Свою мысль я могу выразить проще. Эти философы различают «факты» и «смыслы» 77*. Но разве «факты» не есть «смыслы»? Тут одно из двух: или «факты» абсолютно не есть никакие «смыслы»; тогда о них ничего нельзя сказать, и это будет просто набором пустых звуков, так что и самое различение окажется фиктивным. Или о фактах можно что-нибудь сказать (например, что они отличны от «смыслов»); тогда «факты» тоже суть некие «смыслы», хотя и отличные от тех «смыслов», которым они вначале противопоставлялись. Я не знаю, что из этого должен выбрать трансцеденталист. Первый способ рассуждения, очевидно, противоречит самому основанию трансцедентализма, ибо последний как раз и вырастает на почве различения «факта» и «смысла». Второй же способ слишком ясно вскрывает недостаточность всего построения. Но из второго способа можно извлечь средства выбраться на дорогу, первый же способ явно анти-философичен. Итак, необходимо допустить, что хотя «смыслы» и отличаются от «вещей», но все же «вещи», «факты» для философа суть тоже «смыслы», и в этом отношении они совершенно тождественны со «смыслами» просто. Правда, «фактические» «смыслы», или «смыслы» «факта», в каком-то отношении все же отличаются от «смысла вообще», но в этом и должна заключаться задача философа – точно формулировать, в чем их сходство и в чем различие. Однако это предполагает, что философ не «воздерживается» от «фактов» (ни условно, ни безусловно), но оперирует с ними так же, как он оперирует и со «смыслами», или, вернее, он только и оперирует со сферой смысла, но оперирует решительно без всякого дуализма, а так, что «смысл», «явление», «вещь» и т.д. суть категории, совершенно равноправные и закономерно связанные между собою определенным методом.

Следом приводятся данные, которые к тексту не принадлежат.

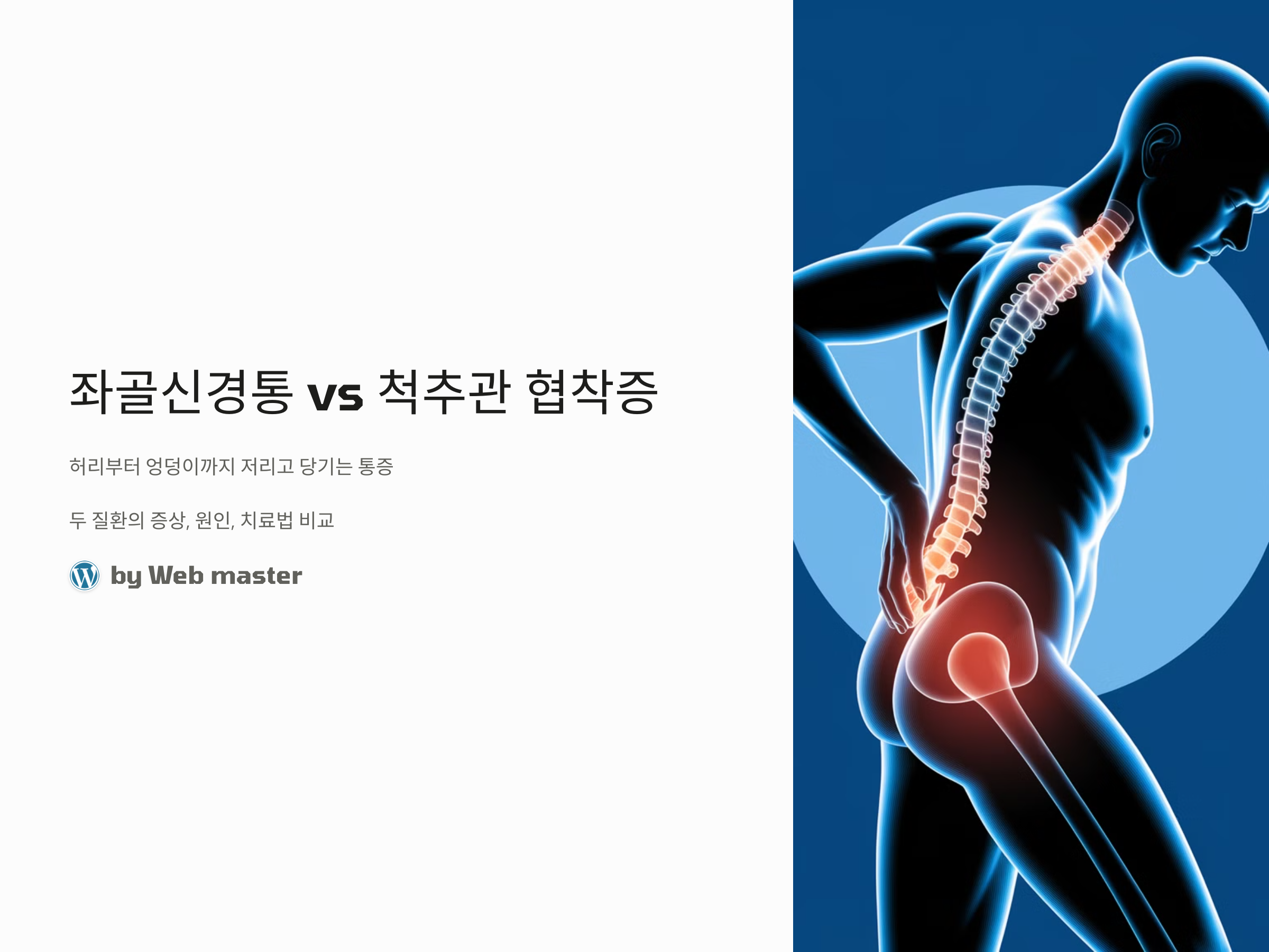 좌골신경통은 주로 신경 압박에 의해 발생하는 통증이며, 척추관 협착증은 척추 속의 신경이 눌려서 발생하는 질환입니다. 이 두 질환은 허리에서 엉덩이, 다리로 이어지는 통증이 공통적으로 나타나지만, 그 원인과 통증의 양상은 다릅니다. 최신 연구에 따르면, 좌골신경통의 경우 신경의 염증이나 압박이 주요 원인으로, 척추관 협착증은 노화나 외상으로 인한 척추관의 좁아짐이 주요 원인입니다.

Тут мое решительное расхождение со всяким трансцедентализмом, кантианским и гуссерлианским. Несмотря на огромную философическую силу этого метода и несмотря на утонченную его культурность, столь контрастирующую с пустотой рационализма и дебелой тупостью позитивизма, этот метод все же условен, частичен, подчиненный метод. Он не охватывает бытия в целом. Он берет его только как логическую структуру, т.е. вне-категориально логическую, оставляя самые категории как кем-то и чем-то созданные, неизвестно кем и чем, – в стороне и изображая то их функционирование вовне, то их внутри-структурное строение. Рационализм и позитивизм, рассекая действительность на две абсолютно раздельные области, умерщвляют одну или другую из них вещественно, субстанциально. Трансцедентализм, тоже рассекая действительность на две абсолютно раздельные области, умерщвляет или одну, или другую из них логически, умно, в мысли. Диалектика и рассекает действительность на раздельные области, и соединяет их – логически же, умно, в мысли, давая тем самым абсолютно адекватный действительности мысленный аналог.

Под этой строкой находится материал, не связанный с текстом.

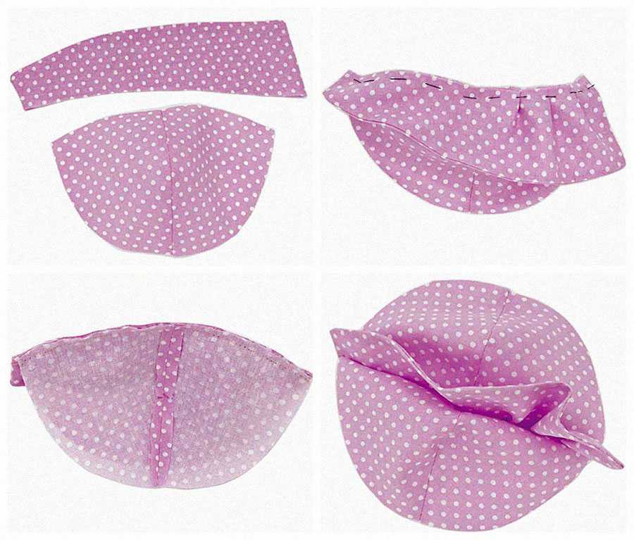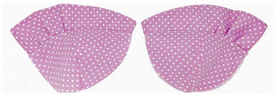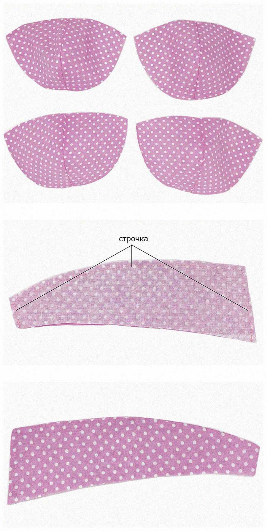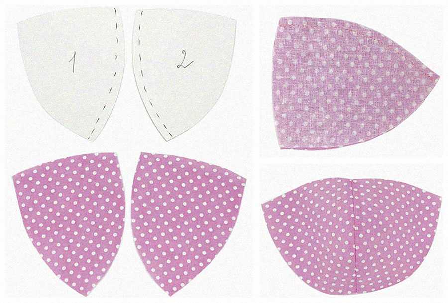 Таким же образом сшейте и разутюжьте остальные три пары деталей. Возьмите пару деталей № 3 (верхняя часть чашек), сложите их лицевыми сторонами внутрь и сострочите прямой строчкой с трёх сторон: двум коротким и одной выпуклой. Выверните сшитую деталь на лицевую сторону и проутюжьте. Аналогично обработайте вторую пару деталей № 3.

1) Наконец-то мы подошли к такому типу решения нашей задачи, который вполне может считаться жизненным и который вполне соответствует живому и здоровому человеческому самочувствию и мировосприятию. Казалось бы, какая это простая вещь, – что существуют те или иные сущности и что их явления суть их проявления! И тем не менее человеческая мысль всегда находила тысячи всяких обходов этой простой человеческой установки; и она готова была на какую угодно истерию и фантастику, лишь бы только задушить эту простую истину бытия и сознания. Итак, признаем, что и вещи есть, и явления есть, и что эти явления суть проявления вещей. Эта жизненная простота, однако, требует очень тонкой мыслительной работы, чтобы получить ее вполне адекватный мыслительный аналог.
Вещи или сущности существуют, и их явления (проявления) тоже существуют. Что это значит? Это значит, что сущности, переходя в явления, остаются самими же собой, нетронутыми со стороны каких-нибудь переходов и каких-нибудь явлений. Явления суть проявления сущности. Что это значит? Это значит, что явления, отражая и выражая сущность, остаются самими же собой, нетронутыми со стороны самих сущностей и вещей. Это – первое. Далее, если сущность остается самой собой при переходе в явление, то что же, само-то явление содержит в себе какую-нибудь сущность или нет? Если оно не содержит ее, то мы попадаем опять в рационалистический тупик. Если же оно содержит (а этого требует всякий не сумасшедший субъект), то возникает другой вопрос: та ли эта сущность в явлении, что и сама сущность, или другая? Если она – та самая, то, следовательно, мы одновременно признаем, что сущность, при переходе в явление, и остается самой собой, и не остается самой собой. Если же она не та самая, что и сущность сама по себе, то, следовательно, явление указывает не на нее, а на что-то другое, и тогда как возможно было бы считать это явление проявлением данной сущности? Итак, остается признать одно: сущность, при переходе в явление, и переходит в явление, т.е. становится иною, и не переходит в явление, т.е. остается тою же самою. Если она только переходит в явление и не пребывает, то это значит, что она уничтожается в явлении, и тогда чего же проявлением будет данное явление? Если она только не переходит и только пребывает в самой себе, то, значит, она никак и не проявляется, и тогда опять: чего же проявлением будет данное явление? Следовательно, если мы действительно всерьез, а не в шутку, захотим говорить о проявлении сущности, мы должны одновременно признать и являемость, изменяемость сущности, и неявляемость ее, неизменность.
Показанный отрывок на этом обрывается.